### Stored data
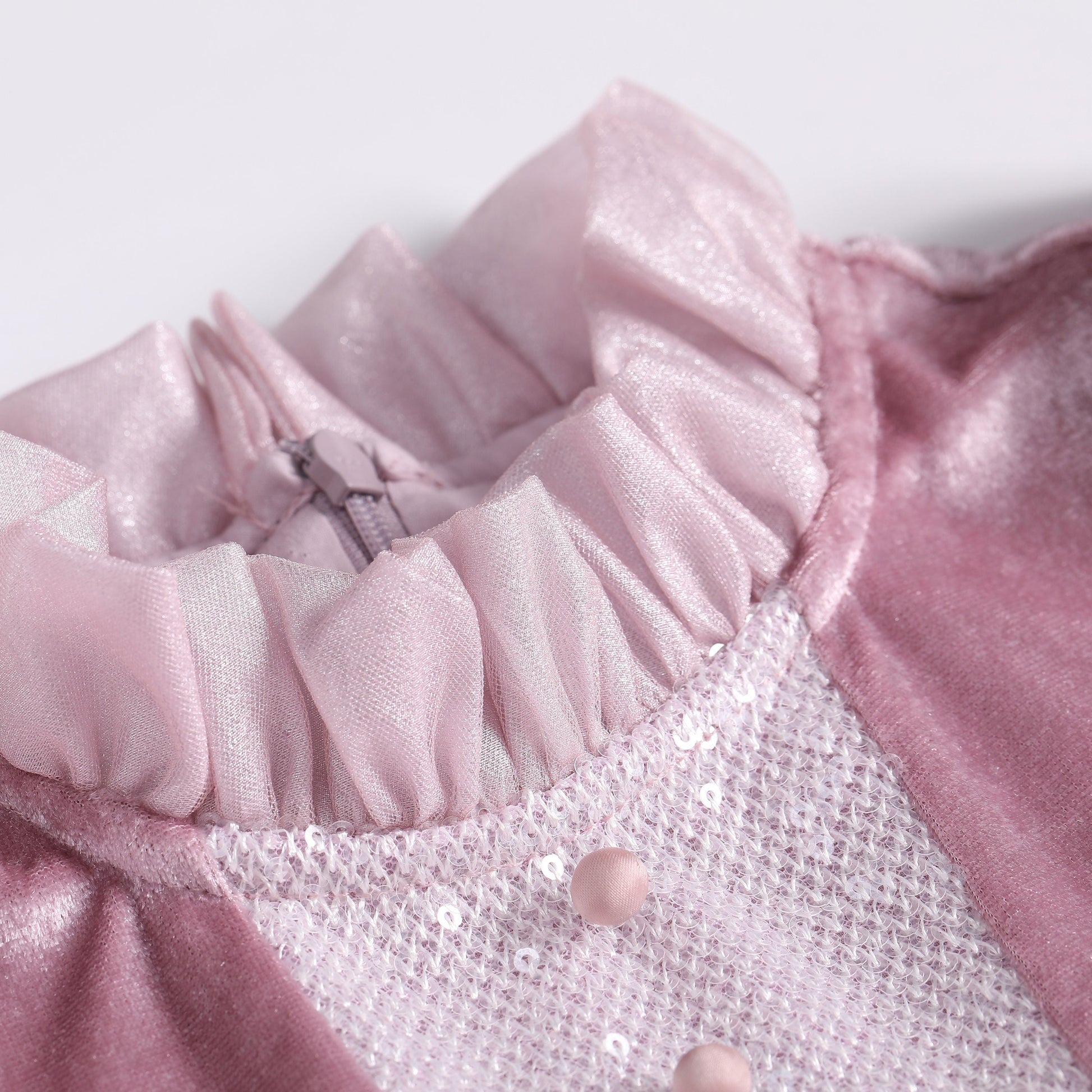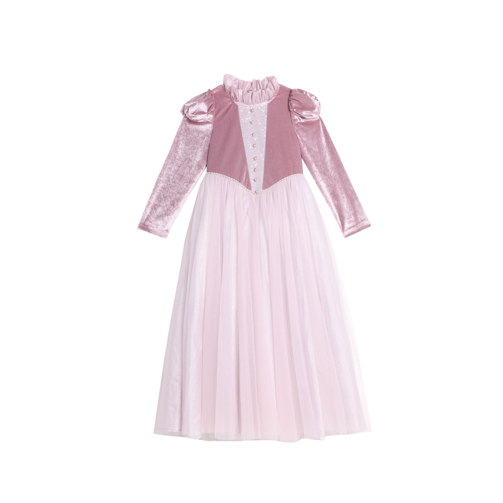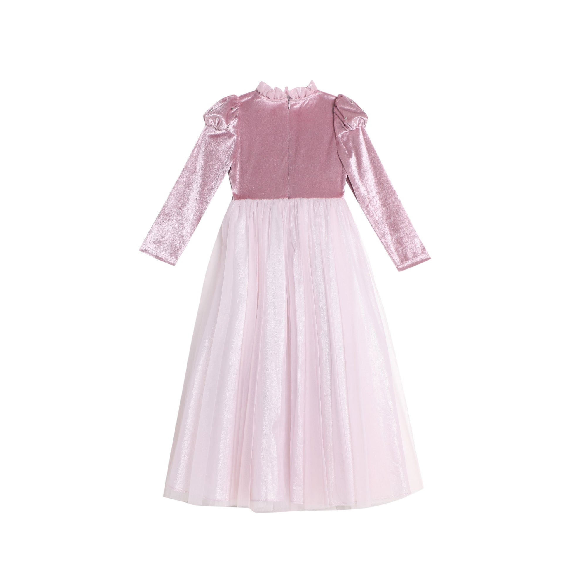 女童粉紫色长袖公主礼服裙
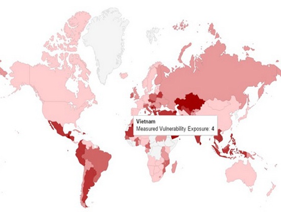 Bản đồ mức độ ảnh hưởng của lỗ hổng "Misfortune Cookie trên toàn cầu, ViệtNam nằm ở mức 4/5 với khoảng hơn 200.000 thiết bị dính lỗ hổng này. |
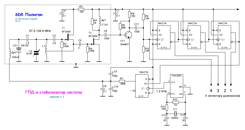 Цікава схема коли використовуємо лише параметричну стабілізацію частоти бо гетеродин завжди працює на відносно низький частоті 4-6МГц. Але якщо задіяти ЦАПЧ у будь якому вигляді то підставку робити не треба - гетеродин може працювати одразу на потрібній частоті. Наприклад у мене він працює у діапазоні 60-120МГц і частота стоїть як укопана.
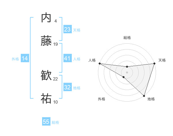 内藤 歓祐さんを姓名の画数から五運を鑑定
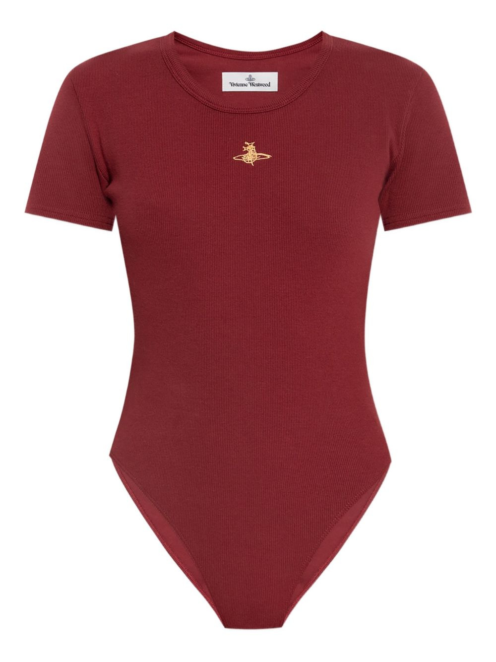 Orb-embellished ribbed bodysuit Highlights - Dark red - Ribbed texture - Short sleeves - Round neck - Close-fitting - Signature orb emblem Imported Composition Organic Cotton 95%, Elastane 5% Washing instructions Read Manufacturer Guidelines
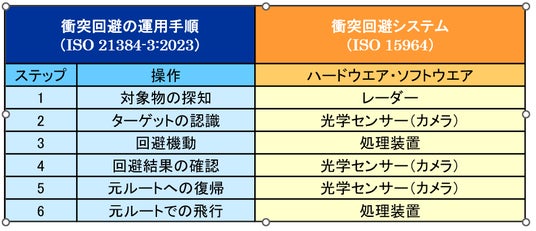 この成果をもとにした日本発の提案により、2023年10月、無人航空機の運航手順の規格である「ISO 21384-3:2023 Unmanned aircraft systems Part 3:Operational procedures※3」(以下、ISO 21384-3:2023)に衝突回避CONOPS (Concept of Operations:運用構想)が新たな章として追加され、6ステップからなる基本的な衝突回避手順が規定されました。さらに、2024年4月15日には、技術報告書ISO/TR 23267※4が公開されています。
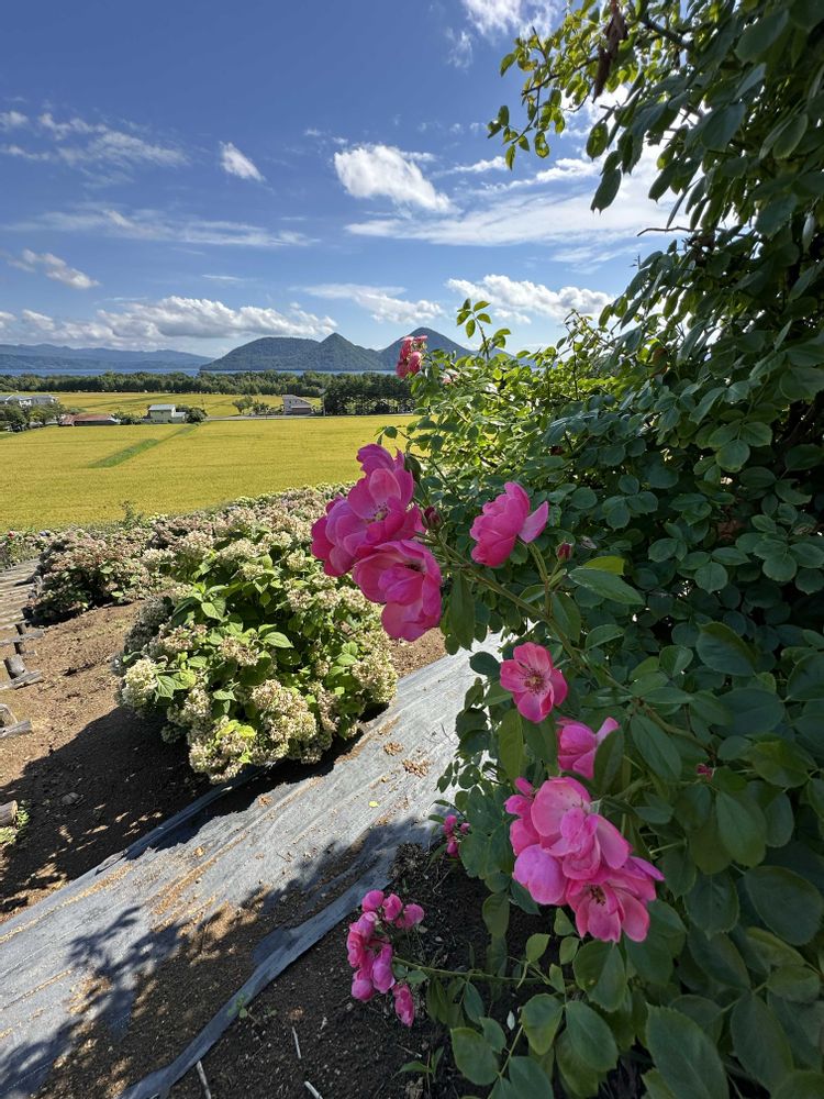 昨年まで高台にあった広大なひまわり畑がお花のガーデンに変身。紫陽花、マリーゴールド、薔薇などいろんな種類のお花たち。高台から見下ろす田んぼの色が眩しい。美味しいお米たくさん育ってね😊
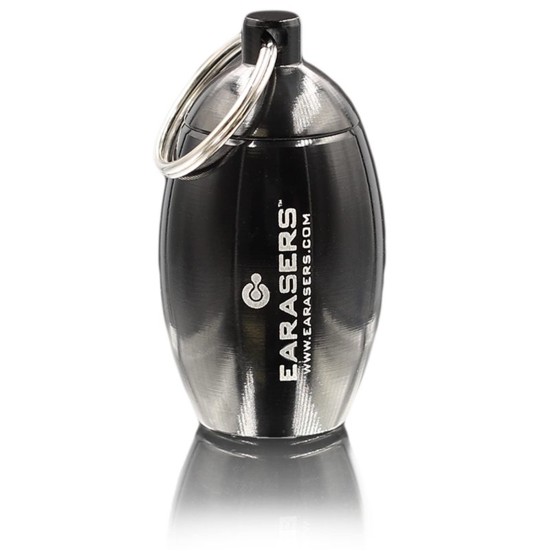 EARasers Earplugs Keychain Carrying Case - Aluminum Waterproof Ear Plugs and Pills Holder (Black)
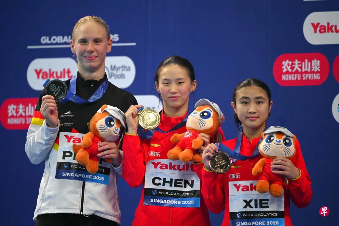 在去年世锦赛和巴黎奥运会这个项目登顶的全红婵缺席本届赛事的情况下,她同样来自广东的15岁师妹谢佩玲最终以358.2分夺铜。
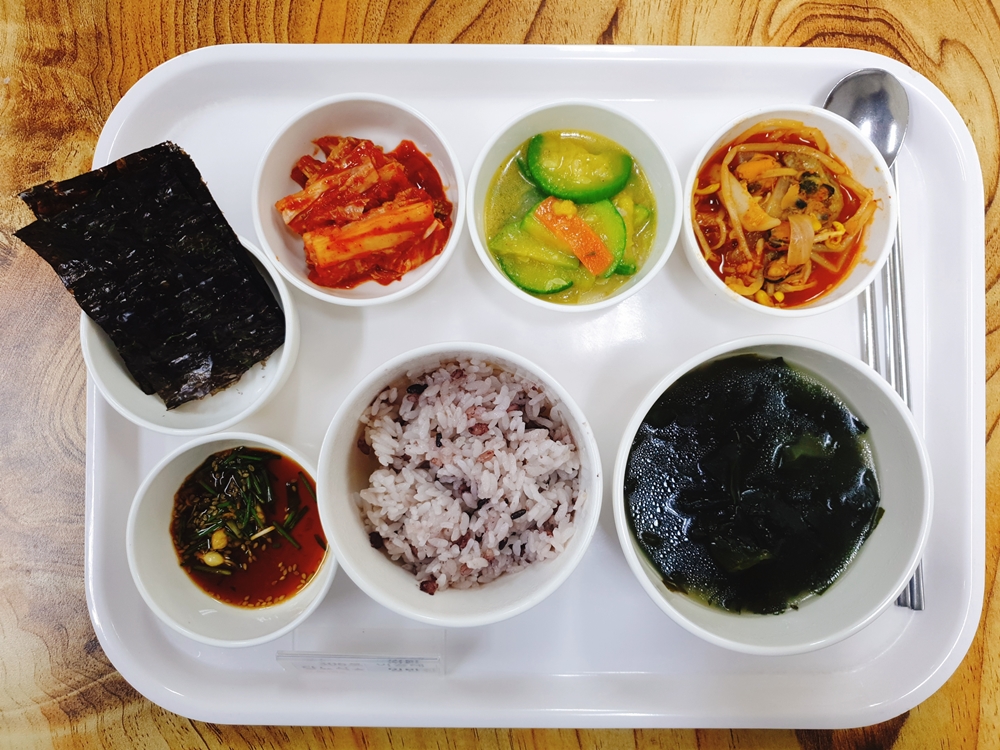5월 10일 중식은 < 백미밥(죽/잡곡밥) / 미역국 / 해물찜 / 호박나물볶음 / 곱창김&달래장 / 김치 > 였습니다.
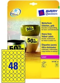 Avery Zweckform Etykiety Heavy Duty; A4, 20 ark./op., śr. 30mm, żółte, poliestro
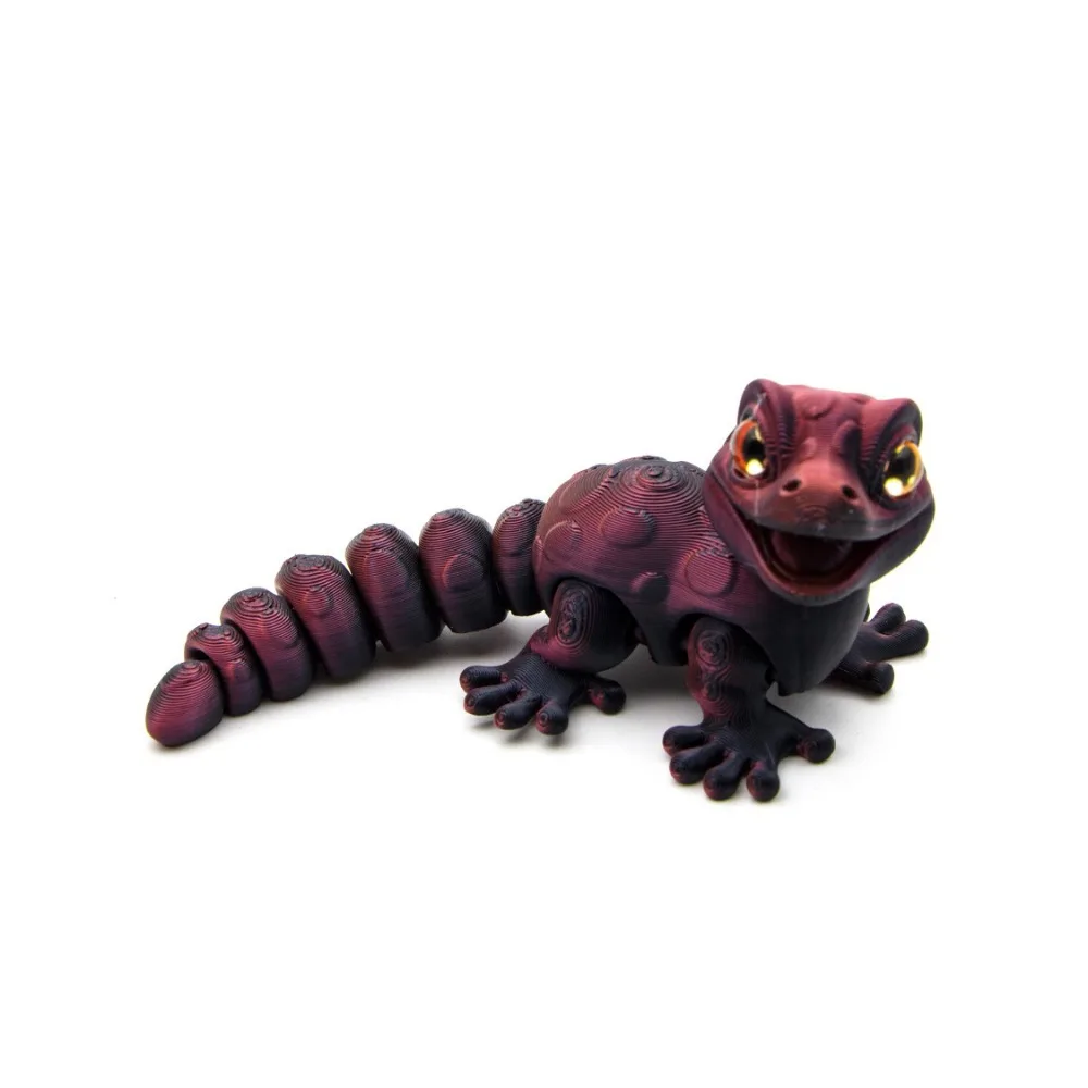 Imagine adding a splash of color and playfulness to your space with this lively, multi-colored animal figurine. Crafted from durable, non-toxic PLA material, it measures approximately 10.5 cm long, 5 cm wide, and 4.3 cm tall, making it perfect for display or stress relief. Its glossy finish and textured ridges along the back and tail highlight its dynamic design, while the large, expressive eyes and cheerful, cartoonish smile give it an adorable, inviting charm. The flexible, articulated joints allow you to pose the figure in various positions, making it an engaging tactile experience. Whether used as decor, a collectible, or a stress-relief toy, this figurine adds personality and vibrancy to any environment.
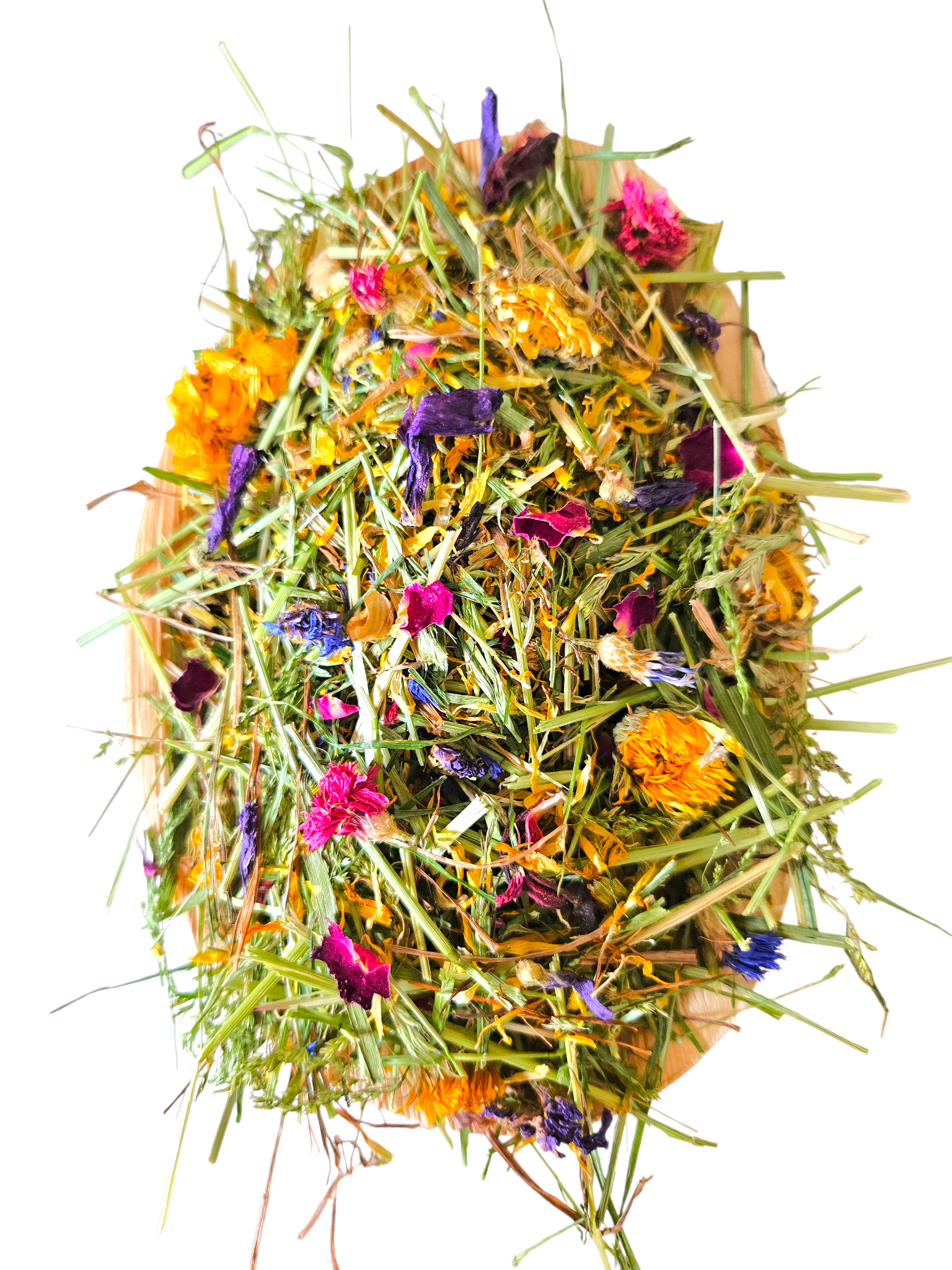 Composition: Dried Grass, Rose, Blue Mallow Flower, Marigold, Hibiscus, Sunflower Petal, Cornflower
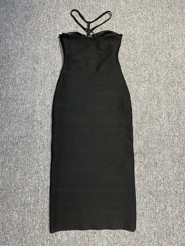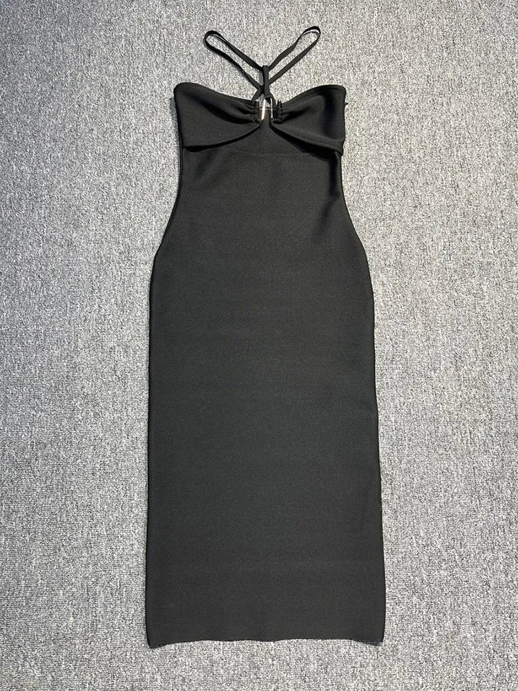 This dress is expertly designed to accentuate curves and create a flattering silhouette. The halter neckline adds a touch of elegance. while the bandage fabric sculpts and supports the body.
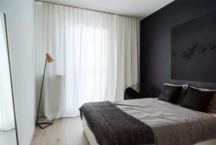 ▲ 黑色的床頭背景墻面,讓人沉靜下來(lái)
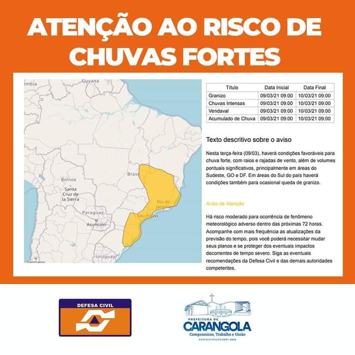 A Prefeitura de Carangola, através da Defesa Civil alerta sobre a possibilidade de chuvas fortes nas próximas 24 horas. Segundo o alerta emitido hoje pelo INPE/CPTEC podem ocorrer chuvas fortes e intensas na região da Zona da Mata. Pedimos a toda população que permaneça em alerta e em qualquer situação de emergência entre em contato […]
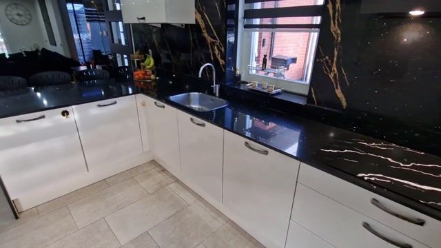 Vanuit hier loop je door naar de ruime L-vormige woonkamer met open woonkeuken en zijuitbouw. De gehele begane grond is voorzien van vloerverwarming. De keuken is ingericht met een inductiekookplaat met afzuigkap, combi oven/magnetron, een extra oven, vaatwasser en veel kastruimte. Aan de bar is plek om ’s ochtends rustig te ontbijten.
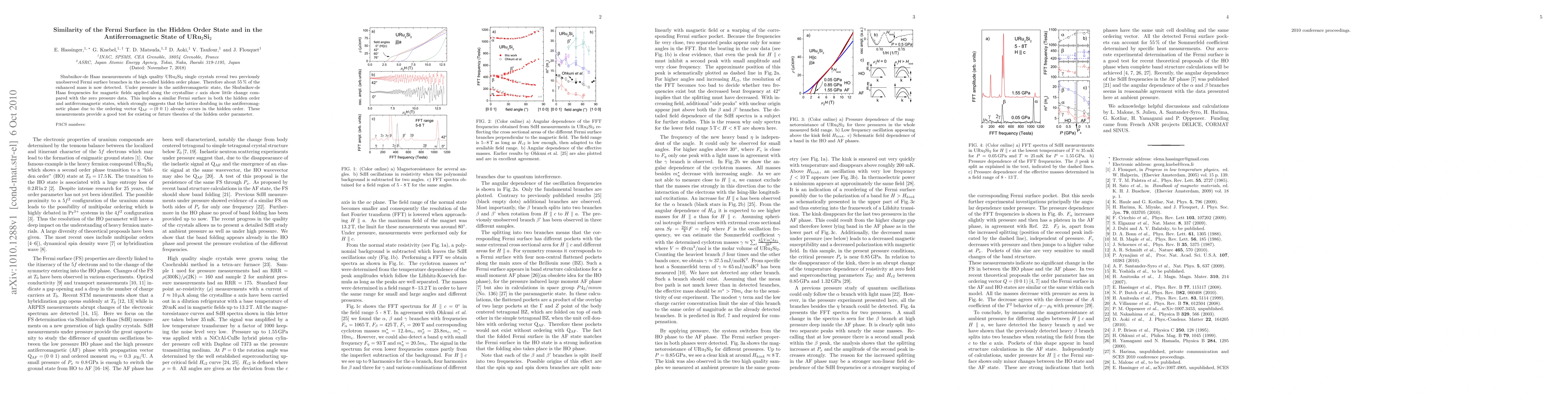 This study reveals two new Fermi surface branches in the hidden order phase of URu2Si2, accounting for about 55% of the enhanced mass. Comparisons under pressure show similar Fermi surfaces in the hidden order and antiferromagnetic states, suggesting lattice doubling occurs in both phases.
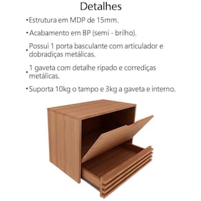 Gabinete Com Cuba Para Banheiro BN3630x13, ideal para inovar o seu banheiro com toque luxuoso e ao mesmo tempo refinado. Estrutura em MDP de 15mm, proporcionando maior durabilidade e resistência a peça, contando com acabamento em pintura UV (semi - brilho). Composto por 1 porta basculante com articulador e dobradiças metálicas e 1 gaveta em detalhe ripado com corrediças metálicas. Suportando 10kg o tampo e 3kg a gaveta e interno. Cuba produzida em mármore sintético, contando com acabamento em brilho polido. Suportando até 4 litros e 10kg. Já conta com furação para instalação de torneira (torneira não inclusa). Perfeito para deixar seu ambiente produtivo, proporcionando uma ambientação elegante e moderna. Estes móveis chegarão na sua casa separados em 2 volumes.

### Problem details
Give again, exactly as written above, each line from the one that has "Orb-embellished ribbed bodysuit" to the one that has "Composition: Dried Grass, Rose, Blue", both included; omit the pictures.

### Result of this task
 Orb-embellished ribbed bodysuit Highlights - Dark red - Ribbed texture - Short sleeves - Round neck - Close-fitting - Signature orb emblem Imported Composition Organic Cotton 95%, Elastane 5% Washing instructions Read Manufacturer Guidelines
 この成果をもとにした日本発の提案により、2023年10月、無人航空機の運航手順の規格である「ISO 21384-3:2023 Unmanned aircraft systems Part 3:Operational procedures※3」(以下、ISO 21384-3:2023)に衝突回避CONOPS (Concept of Operations:運用構想)が新たな章として追加され、6ステップからなる基本的な衝突回避手順が規定されました。さらに、2024年4月15日には、技術報告書ISO/TR 23267※4が公開されています。
 昨年まで高台にあった広大なひまわり畑がお花のガーデンに変身。紫陽花、マリーゴールド、薔薇などいろんな種類のお花たち。高台から見下ろす田んぼの色が眩しい。美味しいお米たくさん育ってね😊
 EARasers Earplugs Keychain Carrying Case - Aluminum Waterproof Ear Plugs and Pills Holder (Black)
 在去年世锦赛和巴黎奥运会这个项目登顶的全红婵缺席本届赛事的情况下,她同样来自广东的15岁师妹谢佩玲最终以358.2分夺铜。
5월 10일 중식은 < 백미밥(죽/잡곡밥) / 미역국 / 해물찜 / 호박나물볶음 / 곱창김&달래장 / 김치 > 였습니다.
 Avery Zweckform Etykiety Heavy Duty; A4, 20 ark./op., śr. 30mm, żółte, poliestro
 Imagine adding a splash of color and playfulness to your space with this lively, multi-colored animal figurine. Crafted from durable, non-toxic PLA material, it measures approximately 10.5 cm long, 5 cm wide, and 4.3 cm tall, making it perfect for display or stress relief. Its glossy finish and textured ridges along the back and tail highlight its dynamic design, while the large, expressive eyes and cheerful, cartoonish smile give it an adorable, inviting charm. The flexible, articulated joints allow you to pose the figure in various positions, making it an engaging tactile experience. Whether used as decor, a collectible, or a stress-relief toy, this figurine adds personality and vibrancy to any environment.
 Composition: Dried Grass, Rose, Blue Mallow Flower, Marigold, Hibiscus, Sunflower Petal, Cornflower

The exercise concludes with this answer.